Family members, leaders from different political parties, and other speakers took turns in commemorating the life of Nkohla as an activist and champion of informal settlements.
ANC secretary-general Fikile Mbalula and academic and businesswoman Mamphela Ramphele were some of the dignitaries that attended Nkohla’s memorial service.
Nkohla, 40, was a City councillor and moved to join other political formations including the Land Party and the DA before championing the Ses’khona People’s Rights movement, where he used the platform to fight for the rights of those in informal settlements.
It was through this movement that he and other community leaders in 2013 led a protest at Cape Town International Airport and the provincial legislature to protest against Khayelitsha residents’ inadequate sanitation and threw human faeces on its steps.
Nkohla had since left politics and was a businessman, with businesses in construction and meat distribution. He also had a contract with Prasa for cleaning the Central Line, currently occupied by squatters.
At the time of his death, Nkohla was working with the Langa and Philippi residents who invaded the Central line to ensure that they were relocated.
Vuyo Nkohla, his brother, said it was a difficult time for the family to process the untimely death of their son. Vuyo said Loyiso was known all over the city and had impacted the lives of those marginalised from Khayelitsha and Dunoon to Kraaifontein.

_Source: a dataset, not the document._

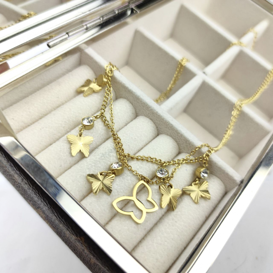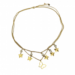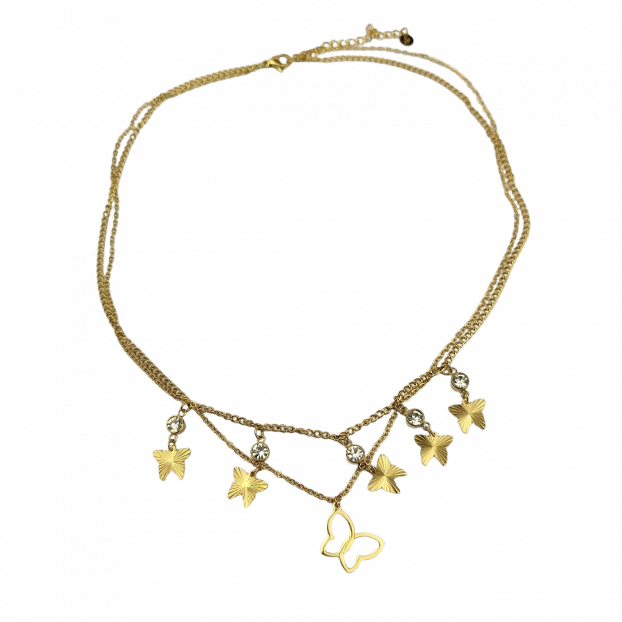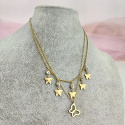 Naszyjnik podwójny wykonany ze stali chirurgicznej w kolorze złotym. Pierwszy naszyjnik jest grubszy, ozdobiony pięcioma motylami i kryształkami o długości 40 cm + 5 cm przedłużka. Drugi łańcuszek jest cieńszy, zakończony zawieszką w postaci konturu motyla ma długość 44 cm + 5 cm przedłużka.

Dr Mamphela Ramphele said it was wrong to label Nkohla as a “poo” man. Ramphele said Nkohla was gifted to the nation to be “conscious” in a country that had lost its way.
“Loyiso became uncomfortable with the huge inequities around us. He asked questions that seniors were too afraid to ask. He saw the power in those who were discarded and marginalised and inspired those in the margins of society to rise to that power in them and occupy their space.
“He knew that we cannot be a free country for as long as this betrayal of a liberated South Africa continues. He wept when he saw humiliated blacks living with the indignity of sharing buckets and so-called ‘porter porter’ toilets in the City that prides itself as the fairest of the Cape,” she said.
Mbalula said Nkohla was a trusted servant of the people. He called on the police to ensure that they left no stone unturned in bringing the perpetrators “who did not conceal their identities” to book.